Day two, drain cheese and pat dry with paper towels. Place cheese in food processor and grind until it reaches consistency of cottage cheese. Set aside.
Spread phyllo dough out on baking sheet and cover with damp kitchen towel. Melt butter in saucepan over medium heat. Once melted, using sieve, take out white froth that floats to top. This will prevent butter from burning when baked. Substitute ghee/clarified butter to skip this step. Let butter cool slightly.
Preheat oven to 350 F.
Generously butter baking sheet and gently put two layers of phyllo dough on it. Using pastry brush, brush melted butter over every two phyllo layers (or between every layer if you want it super rich). Repeat six more times until you have 12 sheets of buttered phyllo.

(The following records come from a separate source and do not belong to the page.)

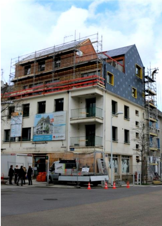
Image 2 : L'immeuble Le Guérandais en chantier se raconte et se visite

fait l'objet de toutes les attentions. L'opération est pensée comme exemplaire, la communication est forte, l'immeuble en chantier se raconte et se visite. La Carene l'envisage comme "un immeuble de démonstration" qui doit « inciter les opérateurs privés à réaliser des rénovations exemplaires, et permettre aux copropriétaires envisageant la rénovation de leur immeuble d'y puiser conseils et inspirations » 9 . Le parti architectural est limpide : il propose la requalification de la façade historique de l'immeuble, avec une surélévation d'écriture contemporaine qui vient donner le ton à une remise à jour possible du patrimoine de la Reconstruction 10 . Ainsi, cette action de portage de la rénovation directe d'immeubles relève plus d'une stratégie démonstrative à destination des entreprises locales et de la population que d'une stratégie d'acupuncture urbaine.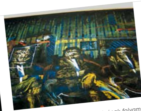
3. A színpadi díszlet előállításának folyamata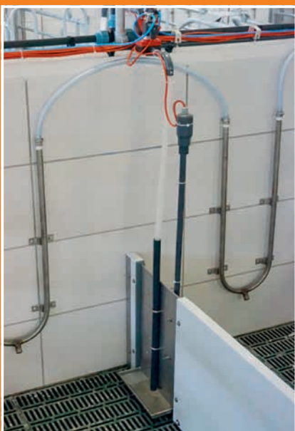
Anschluss an automatisches Rohrleitungssystem für das Futter und für die Reinigung der Tröge.

Die Prefeed Saugferkelfütterung ist im Prinzip eine Flüssigfütterung für minimale Mengen. Dadurch kann gewährleistet werden, dass das Futter stets frisch von den Saugferkeln verzehrt werden kann. So lassen sich die ersten Lebenstage der Ferkel deutlich optimieren.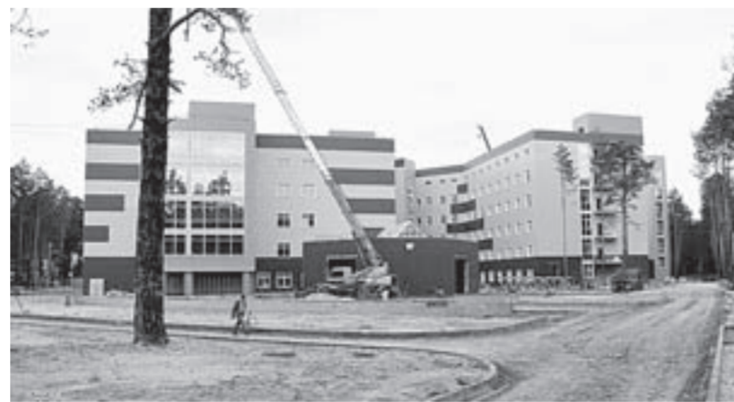
Первые роды в перинатальном центре пройдут уже в этом году.

край – в числе шести регионов страны, ведущих строительство перинатального центра на высочайших темпах и в короткие сроки. Возведение нового учреждения здравоохранения находится на контроле у федерального ведомства, и Вероника Скворцова в прошлом году посетила его строительную площадку.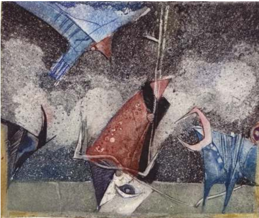
„Среднощни гости“ акватинта, 25x25 см.

Завършил спец. Графика в НХА – София. Работи в областта на всички жанрове и техники на кавалетната графика, компютърната графика и рисунката.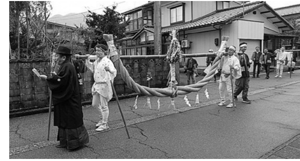
▲化粧をして、大きなしめ縄を担ぎ歩く主役たち

市無形民俗文化財に指定されている「塩野町オサトサマ」は、しめ縄を女性の神さまである山の神の花婿に見立て、山の神が合祀されている熊野神社へ婿入りの行列に模して奉納します。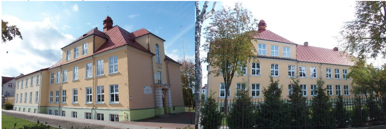
Zdjęcia nr 7, 8. Szkoła, ul. Szkolna 1, Nasielsk

Budynek szkoły usytuowany na trójkątnej działce ograniczonej od zachodu ul. Szkolną, od południa ul. Polną i od wschodu ul. Staszica.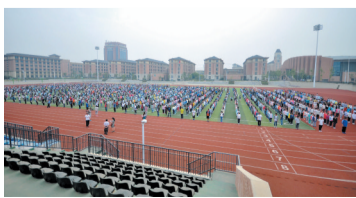
合肥七中新校区举行防空应急疏散演练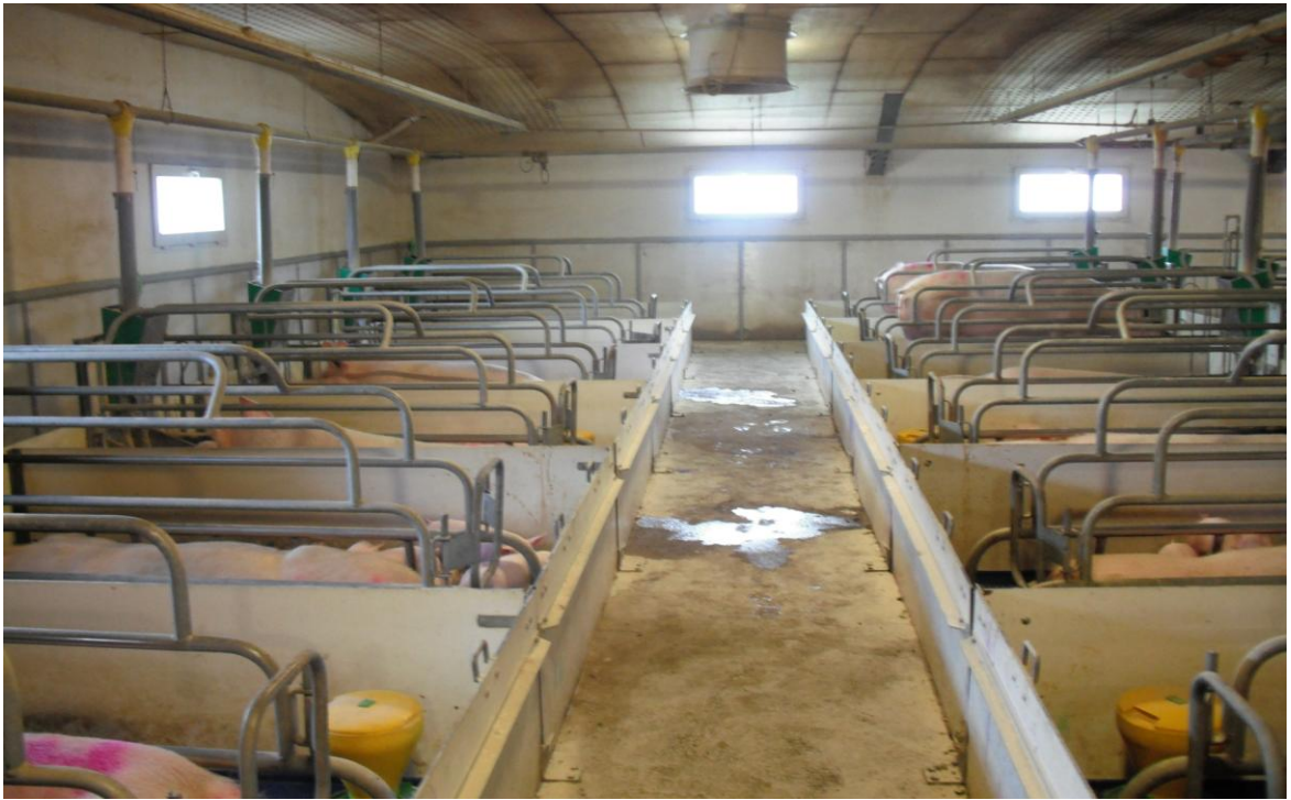
Készítette: Szalma Laura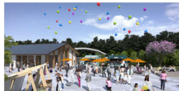
イベントプレイス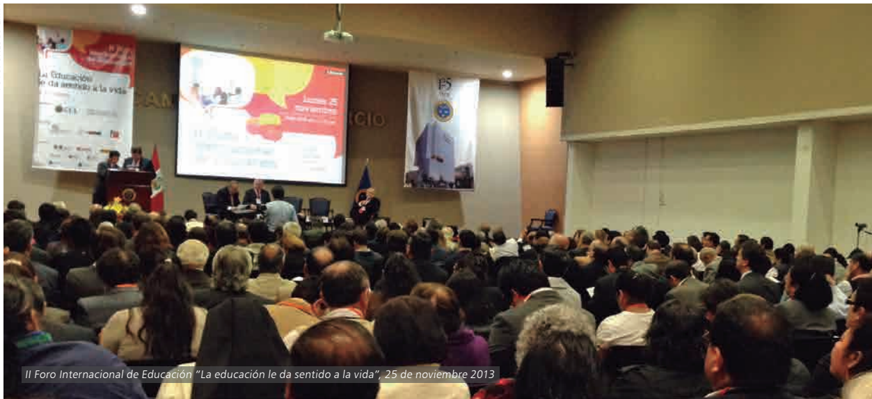
II Foro Internacional de Educación "La educación le da sentido a la vida", 25 de noviembre 2013

UNESCO reiteró la importancia de la Educación para el Desarrollo Sostenible, cuyo fin es la formación de personas críticas, íntegras, exitosas y hábiles, mediante el patrocinio del Segundo Foro Internacional de Educación "La educación le da sentido a la vida".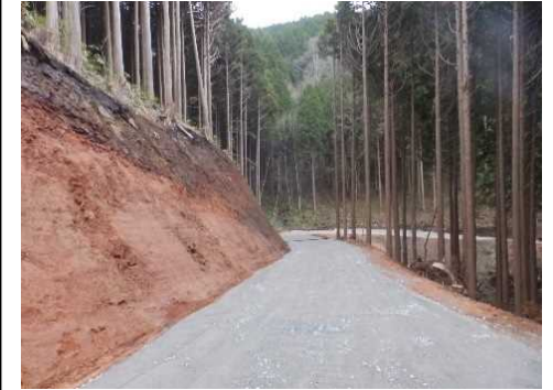
岐阜森林管理署 ミスリ林道 新設工事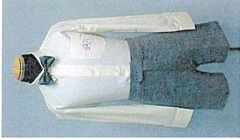
男生恤褲 連 Bow 呔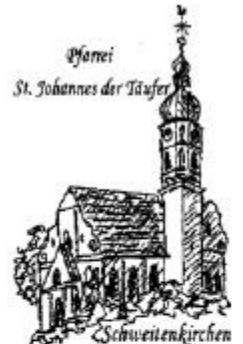
Pfarrei St. Johannes der Täufer Schweitenkirchen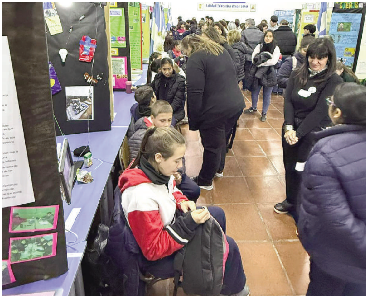
La Feria de Ciencias reunió a estudiantes de más de 30 escuelas, el miércoles, en el Instituto Fray Luis Beltrán.

El Programa de Actividades Científicas y Tecnológicas Educativas tiene por objetivo contribuir al fortalecimiento de las trayectorias escolares de los estudiantes. Esto se realiza mediante propuestas de enseñanza y aprendizaje que contemplan la diversidad de intereses, promueven el trabajo participativo y comunitario, y democratizan los saberes a través de distintas formas de interactuar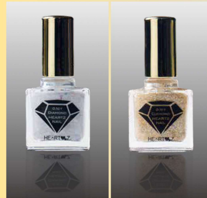
0.1ct ハーツネイル銀 (SILVER) 10 ml

私共は独自の「周波数加工®」…「ハーツ加工®」により、様々な「ハーツ製品」を生み出してまいりました。創業時より一般の方、医療関係者、スポーツを楽しむ方、学校やスポーツクラブで活動される方、プロスポーツ選手の方等々に御愛用頂き現在に至ります。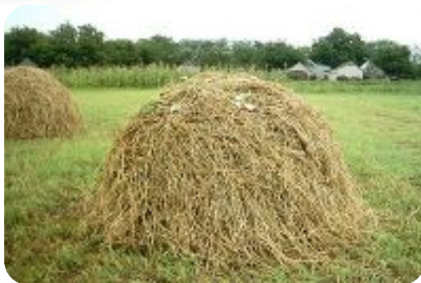
Зимой питаются сеном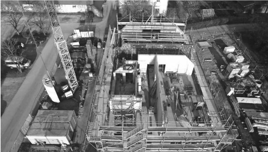
Das Luftbild zeigt den Baufortschritt der Arbeiten am Dachgeschoss zu Beginn der KW 10/2021.

Auf der Baustelle geht es gut voran und das Haus nimmt Konturen an. In dieser Woche sollen die Giebelwände gemauert und die Zwischenwände betoniert werden. Außerdem soll die Decke für den Technikraum im Dachgeschoss betoniert werden. Es bleibt zu hoffen, dass der neuerliche Kälteeinbruch den Bauablauf nicht wieder stören wird.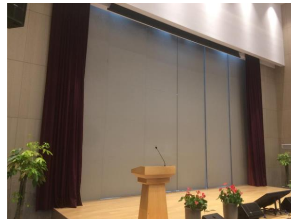
东南 e 馆 中分三折 9000*6000 门系统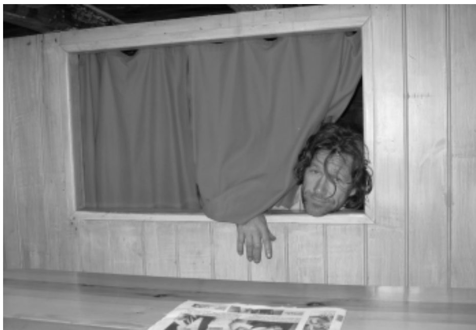
Nicolay i dukketeater, dvs. sjefssengen ombord.

Det høljregner nå. Vi må bite i det sure eplet og bryte. Ned med alle seilene. Game is over. Vi blir loset i land nå, den siste halvannen timen mot Skagen. Vi liker det ikke, men vi skjønner alvoret. Pumpen går og vannet strømmer ut av skuta. Vi skjønner omfanget og alvoret.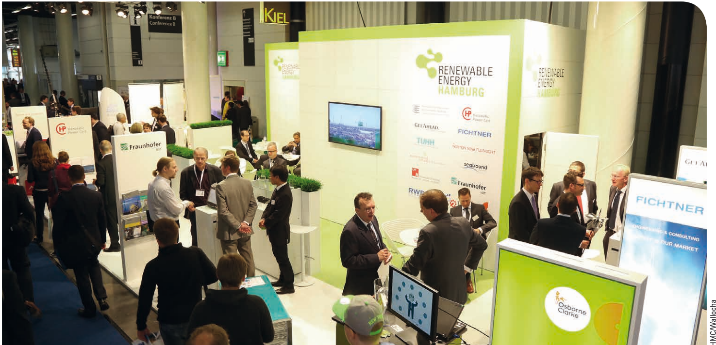
> Aktuell läuft die Bewerbung für Unteraussteller auf dem EEHH-Gemeinschaftsstand auf der Messe Husum Wind vom 15. bis 18. September 2015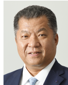
常務取締役 電線・エネルギー事業本部長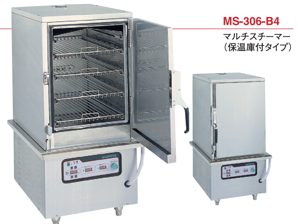
MS-306-B4 マルチスチーマー (保温庫付タイプ)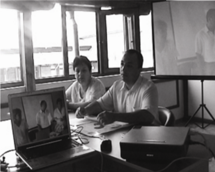
Продължение от стр.1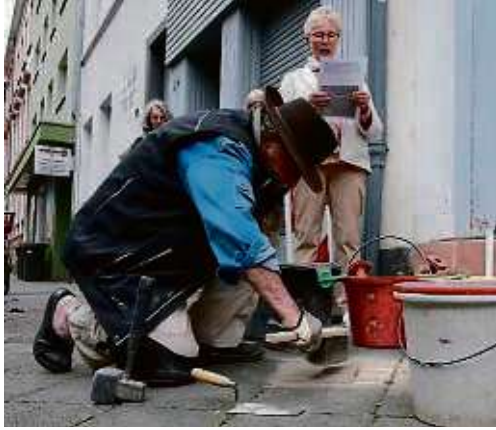
Verlegung neuer Stolpersteine: Gunter Demnig putzt das Mahnmal der Familien Simon und Berg in der Bahnhofstraße.

Damit die so bedachten Opfer auch tatsächlich im leben-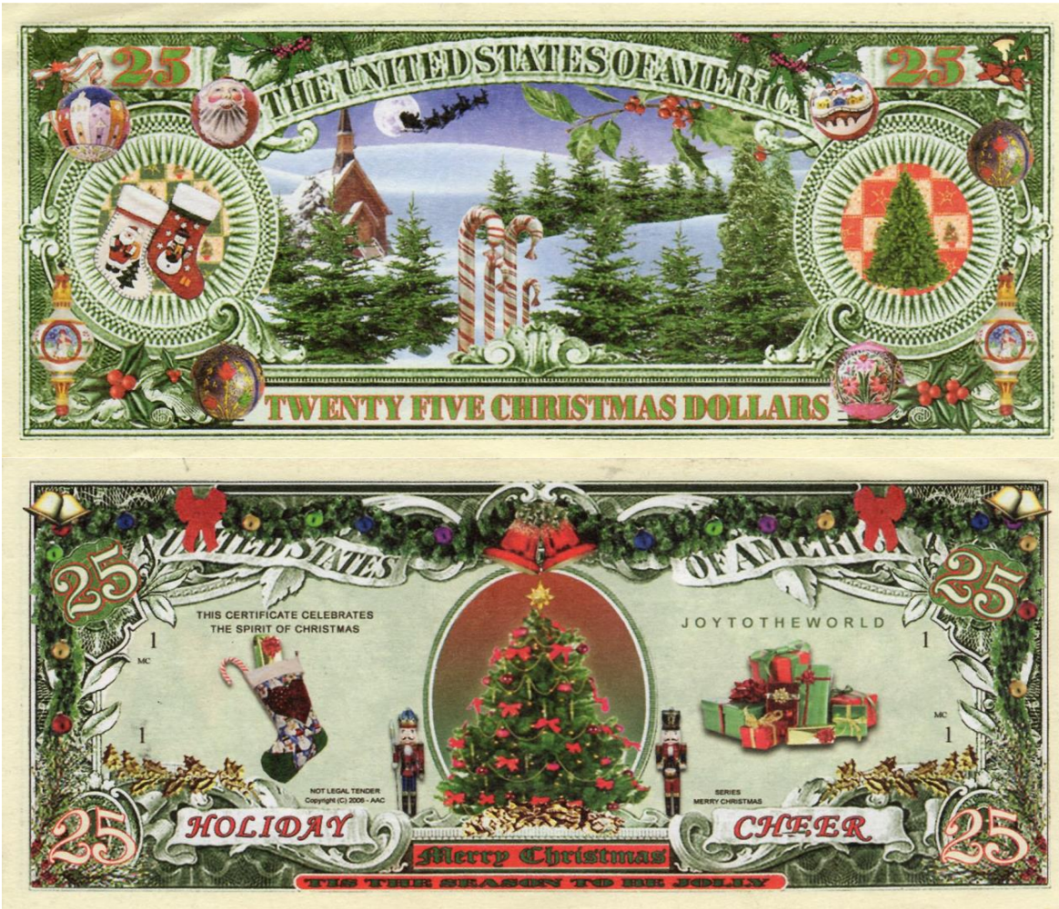
Billete fantasía de Estados Unidos con motivo navideño, 25 dólares navideños (anverso y reverso)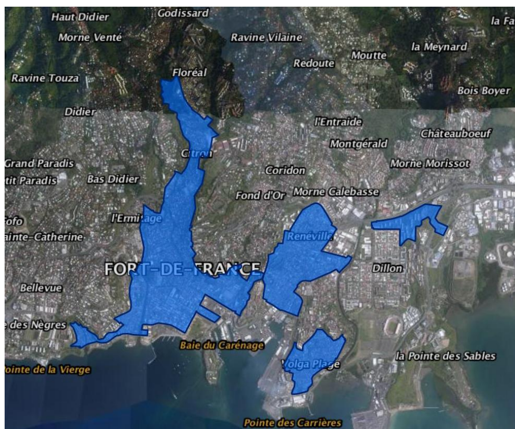
Territoire du Contrat de Ville de Fort de France – 2015

Pour cela, nous utiliserons les équipements municipaux adaptés et, par le biais de notre site Internet , des réseaux sociaux ainsi que des médias partenaires au projet, nous mettrons tout en œuvre afin d'offrir une visibilité maximale au Défi Solidaire des Quartiers .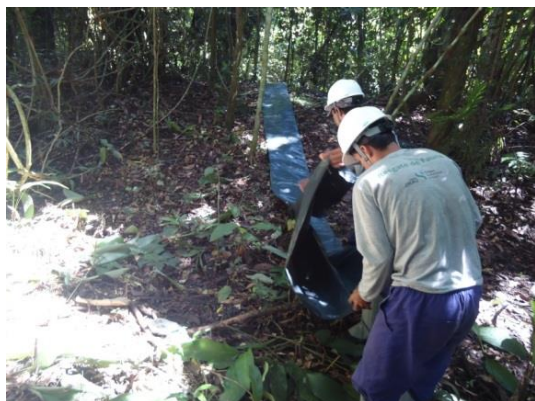
Figura 13. Instalação da lona para isolamento do bando na parte mais alta da ilha de Mutum.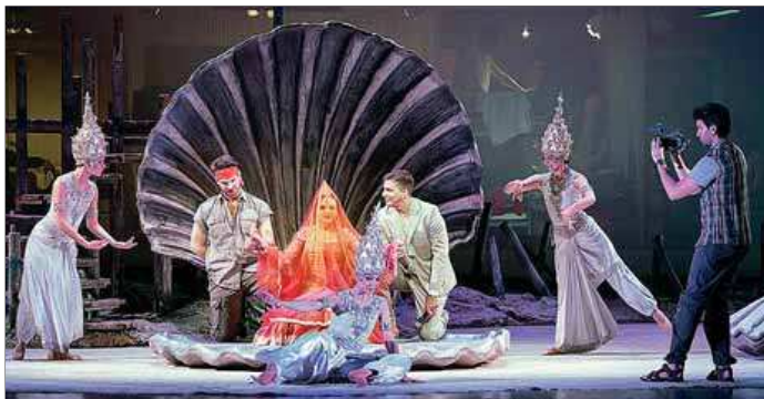
L'òpera de Bizet feia més de 50 anys que no es representava al Liceu ■ JOSEP LOSADA

Quan l'any 1863 George Bizet, un dels representants del gust francès del segle XIX per l'exotisme, va compondre Les pêcheurs de perles amb un llibret ambientat a Ceilan, faltava més d'un segle perquè aquesta illa asiàtica es convertís en Sri Lanka, on, traslladant l'acció a la contemporaneïtat, transcorre la posada en escena concebuda fa uns anys per Lotte de Beer, per a una producció del Theater an der Wien, i reposada al Liceu per Dorike van der Genderen. Considerant la necessitat de fer més atractiva una òpera amb un llibret pròxim al ridícul sobre la rivalitat entre dos amics (Nadir i Zurga) per l'amor d'una sacerdotessa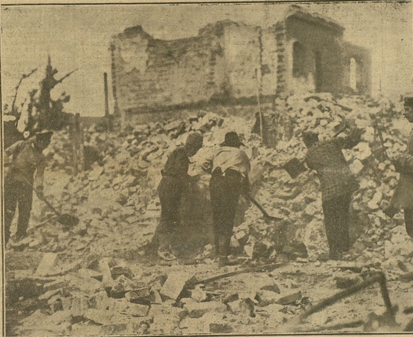
Soldados y paisanos rusos, prisioneros de los alemanes, desescombrando las ruinas de un caserío de la Polonia rusa.

En la Lorena francesa perdieron los franceses la tan disputada altura del Sur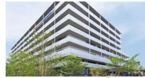
東京リハビリテーションセンター世田谷 東京都世田谷区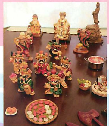
夥伴分享台灣民間故事小物件

二年的沙遊讀書會，雖然已暫告結束，但能與沙遊同好們共聚一堂，彼此分享在沙遊領域的學習經驗與生命故事，對我而言，除了有知性的刺激與成長外，還有夥伴同行的陪伴與回憶，很感謝生命中能有這樣的體驗與學習，期待下一期讀書會的開跑！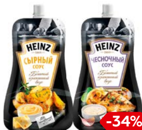
Соус ХАЙНЦ, Сырный/ Чесноч- ный/ Цезарь, 230 г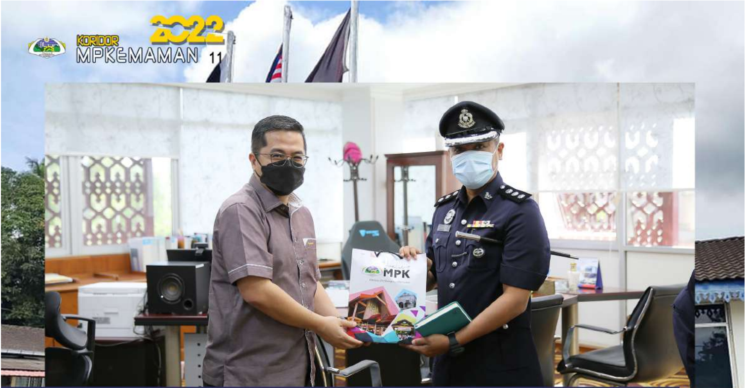
Kunjungan Hormat Ketua Polis Daerah Kemaman Ke MPK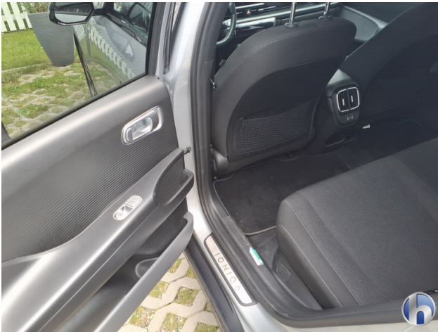
10. Verkleidung Verschmutzt - Reinigen 50,00 € / 50,00 €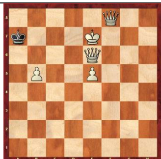
Zadanie 96 1X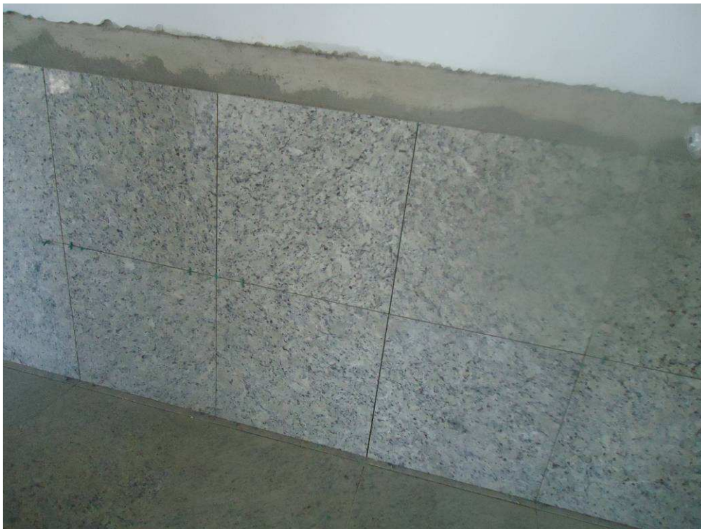
GRANITO HALL ELEVADORES

Take crumbled cheese and spread atop phyllo layers.
Repeat process of layering rest of phyllo, making sure to brush last layer with butter or ghee as well.
Once all layers are assembled, score mutabbak with knife into either squares or diamonds. Bake 30 minutes, or until nicely browned on top.
In the meantime, combine sugar and water in saucepan on medium-high heat. Once it starts to boil, lower heat a bit and stir until sugar is dissolved and it starts to get syrupy, approximately 10 minutes. Let syrup cool, add lemon and/or rose water.
Once mutabbak is done baking, pour syrup over it immediately and garnish with nuts. Serve warm.